# Problem details:
Copy word for word the lines of the records below, beginning at the one with "大根おろし、紅大根おろしかな" and finishing at the one with "the virtual wall.", ends included, but none of the pictures.

# Study material:

++++++

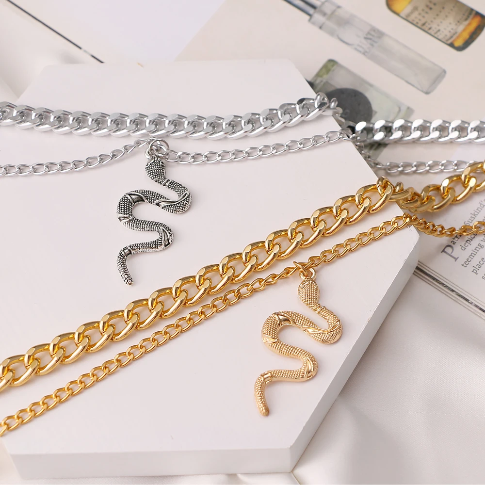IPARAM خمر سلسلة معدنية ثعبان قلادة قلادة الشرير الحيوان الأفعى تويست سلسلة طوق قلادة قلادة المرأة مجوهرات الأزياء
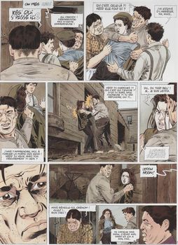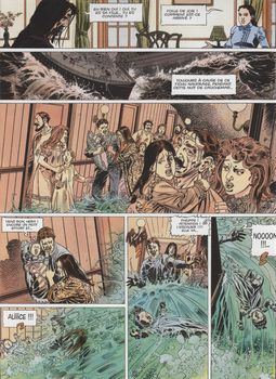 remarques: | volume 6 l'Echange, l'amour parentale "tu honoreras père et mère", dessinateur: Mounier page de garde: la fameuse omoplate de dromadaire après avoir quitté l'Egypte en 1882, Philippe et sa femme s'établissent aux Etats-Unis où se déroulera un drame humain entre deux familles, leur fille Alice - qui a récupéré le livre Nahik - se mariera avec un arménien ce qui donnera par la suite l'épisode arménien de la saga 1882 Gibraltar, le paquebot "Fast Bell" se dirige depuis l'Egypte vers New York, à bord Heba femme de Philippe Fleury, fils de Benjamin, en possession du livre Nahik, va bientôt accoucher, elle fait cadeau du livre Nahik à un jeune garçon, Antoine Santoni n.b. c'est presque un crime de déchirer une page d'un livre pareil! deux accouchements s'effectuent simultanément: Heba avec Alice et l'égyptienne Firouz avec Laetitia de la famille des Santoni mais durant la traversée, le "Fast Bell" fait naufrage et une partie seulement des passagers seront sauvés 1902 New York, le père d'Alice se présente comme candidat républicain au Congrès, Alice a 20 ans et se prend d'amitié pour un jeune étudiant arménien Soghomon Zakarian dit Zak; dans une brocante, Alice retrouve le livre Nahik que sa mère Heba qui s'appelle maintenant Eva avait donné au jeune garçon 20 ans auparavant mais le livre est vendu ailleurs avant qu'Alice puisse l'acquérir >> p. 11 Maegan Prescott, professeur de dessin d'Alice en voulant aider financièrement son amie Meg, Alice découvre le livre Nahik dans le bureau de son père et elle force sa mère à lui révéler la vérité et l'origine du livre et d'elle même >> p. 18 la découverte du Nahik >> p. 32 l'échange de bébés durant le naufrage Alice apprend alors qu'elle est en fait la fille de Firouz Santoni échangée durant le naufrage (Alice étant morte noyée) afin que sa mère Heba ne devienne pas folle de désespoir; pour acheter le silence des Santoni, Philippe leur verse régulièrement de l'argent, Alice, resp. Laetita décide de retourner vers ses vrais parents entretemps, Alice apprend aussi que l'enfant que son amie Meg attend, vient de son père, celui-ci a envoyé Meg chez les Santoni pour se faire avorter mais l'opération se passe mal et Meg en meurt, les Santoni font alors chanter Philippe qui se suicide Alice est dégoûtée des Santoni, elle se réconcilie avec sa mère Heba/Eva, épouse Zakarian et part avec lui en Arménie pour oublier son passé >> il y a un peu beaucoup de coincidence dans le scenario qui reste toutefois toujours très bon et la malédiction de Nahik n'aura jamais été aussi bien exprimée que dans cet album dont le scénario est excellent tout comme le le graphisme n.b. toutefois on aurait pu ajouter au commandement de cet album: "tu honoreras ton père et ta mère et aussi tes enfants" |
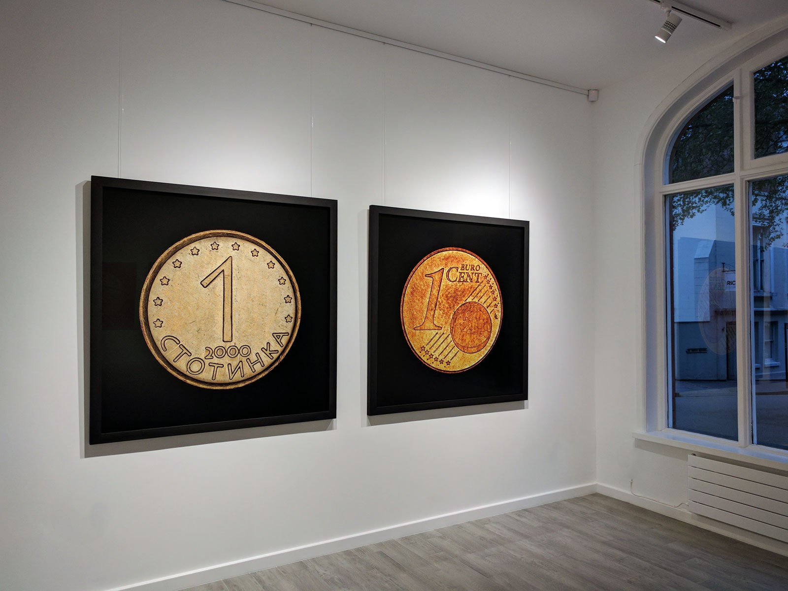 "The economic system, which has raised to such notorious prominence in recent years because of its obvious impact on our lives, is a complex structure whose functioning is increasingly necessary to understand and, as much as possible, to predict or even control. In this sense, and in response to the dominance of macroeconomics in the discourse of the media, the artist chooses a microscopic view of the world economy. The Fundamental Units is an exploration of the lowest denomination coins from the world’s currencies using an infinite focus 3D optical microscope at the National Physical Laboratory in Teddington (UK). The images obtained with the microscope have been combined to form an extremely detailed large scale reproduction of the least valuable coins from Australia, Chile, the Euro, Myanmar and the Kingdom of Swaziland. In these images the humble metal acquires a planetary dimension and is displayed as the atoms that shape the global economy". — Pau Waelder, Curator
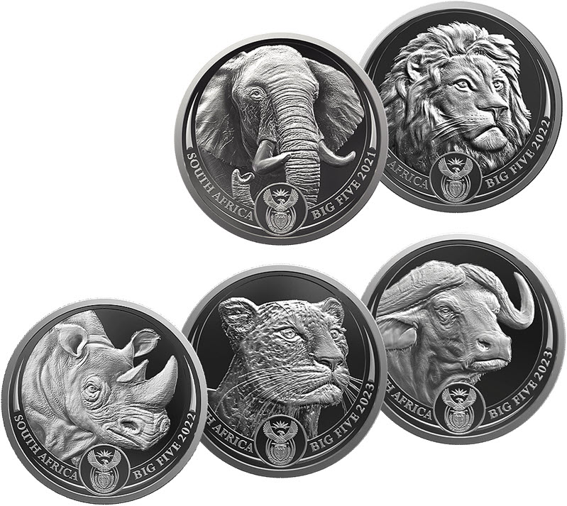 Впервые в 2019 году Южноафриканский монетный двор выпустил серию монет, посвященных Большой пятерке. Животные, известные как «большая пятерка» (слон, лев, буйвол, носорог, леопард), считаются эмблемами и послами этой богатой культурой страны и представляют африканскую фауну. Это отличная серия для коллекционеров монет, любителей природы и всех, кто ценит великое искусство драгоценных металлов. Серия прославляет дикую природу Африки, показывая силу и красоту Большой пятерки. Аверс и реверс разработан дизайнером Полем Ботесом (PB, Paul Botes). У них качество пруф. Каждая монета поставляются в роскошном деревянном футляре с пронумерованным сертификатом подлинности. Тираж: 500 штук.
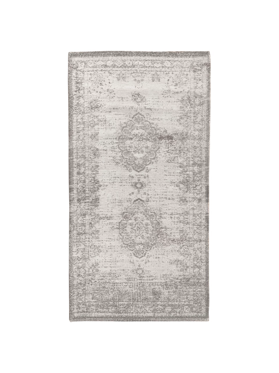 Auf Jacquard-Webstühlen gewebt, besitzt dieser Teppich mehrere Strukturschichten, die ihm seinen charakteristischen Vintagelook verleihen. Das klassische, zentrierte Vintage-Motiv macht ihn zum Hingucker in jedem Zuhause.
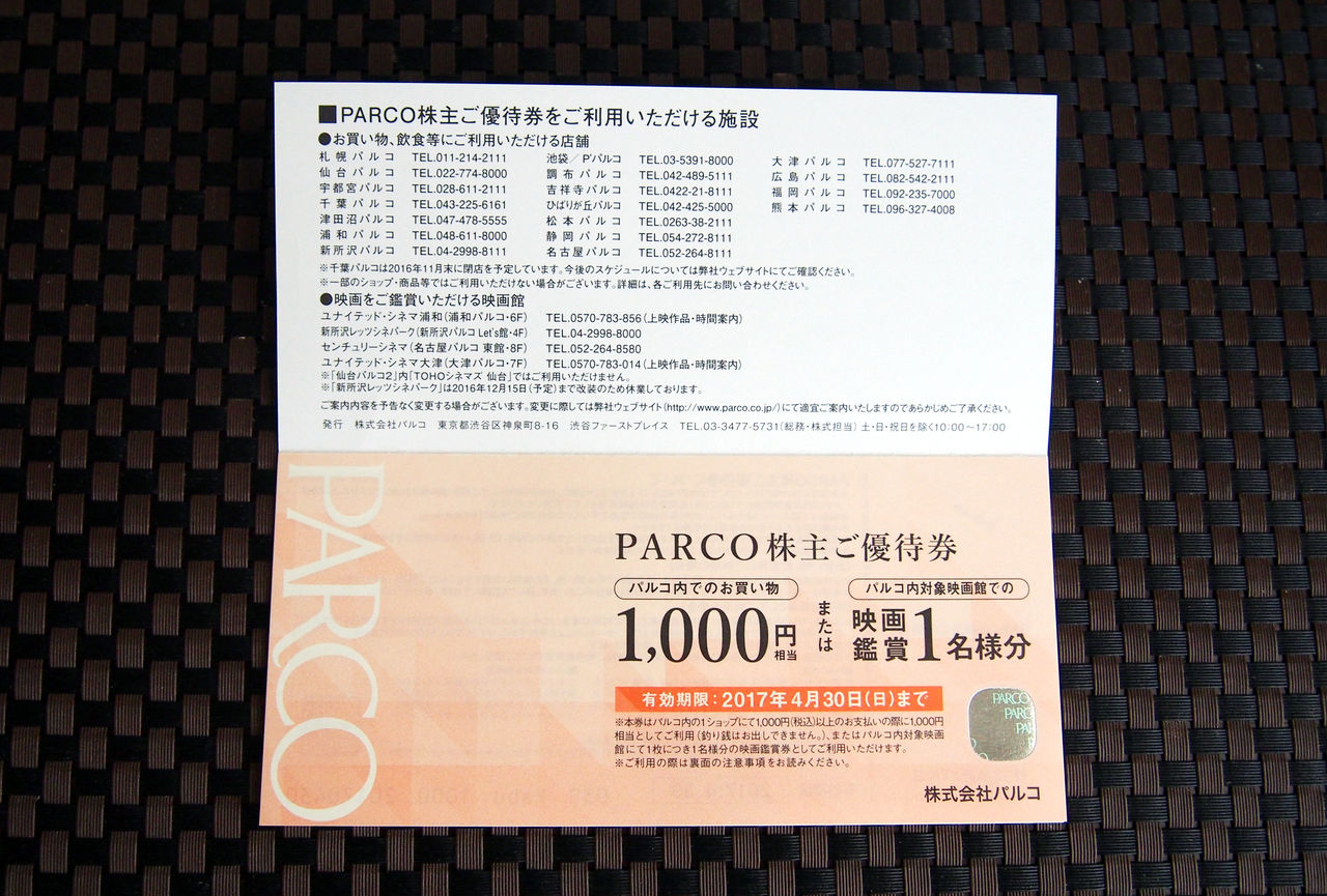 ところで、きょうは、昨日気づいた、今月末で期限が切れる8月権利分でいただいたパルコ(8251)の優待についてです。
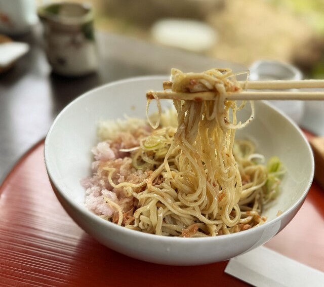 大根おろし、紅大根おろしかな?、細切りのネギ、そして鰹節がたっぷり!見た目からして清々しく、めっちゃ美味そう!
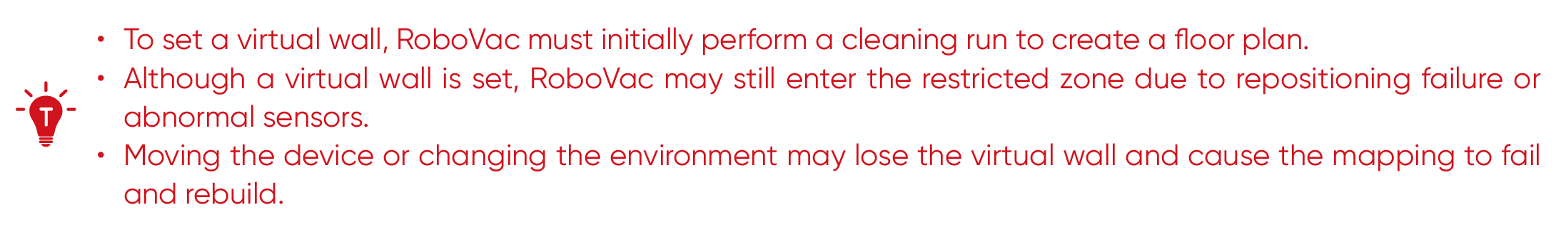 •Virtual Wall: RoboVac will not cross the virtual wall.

++++++

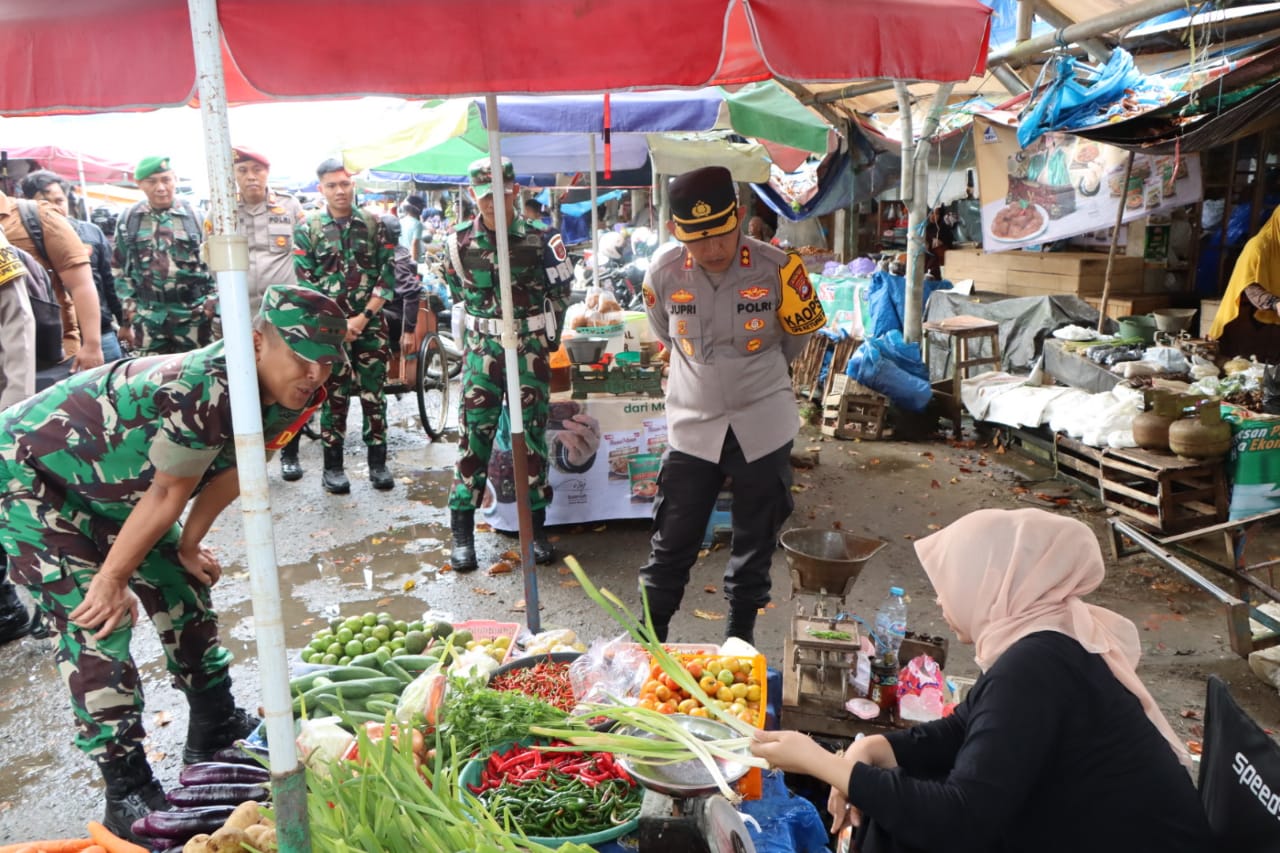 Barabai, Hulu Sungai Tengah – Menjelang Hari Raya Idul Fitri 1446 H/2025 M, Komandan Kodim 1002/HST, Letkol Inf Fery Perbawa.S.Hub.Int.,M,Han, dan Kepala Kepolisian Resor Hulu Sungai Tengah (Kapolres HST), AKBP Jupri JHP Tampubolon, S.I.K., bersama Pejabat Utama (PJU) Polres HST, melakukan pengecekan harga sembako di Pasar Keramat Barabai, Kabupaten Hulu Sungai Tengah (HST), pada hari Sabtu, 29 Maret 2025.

++++++

# Answer to this exercise:
 大根おろし、紅大根おろしかな?、細切りのネギ、そして鰹節がたっぷり!見た目からして清々しく、めっちゃ美味そう!
 •Virtual Wall: RoboVac will not cross the virtual wall.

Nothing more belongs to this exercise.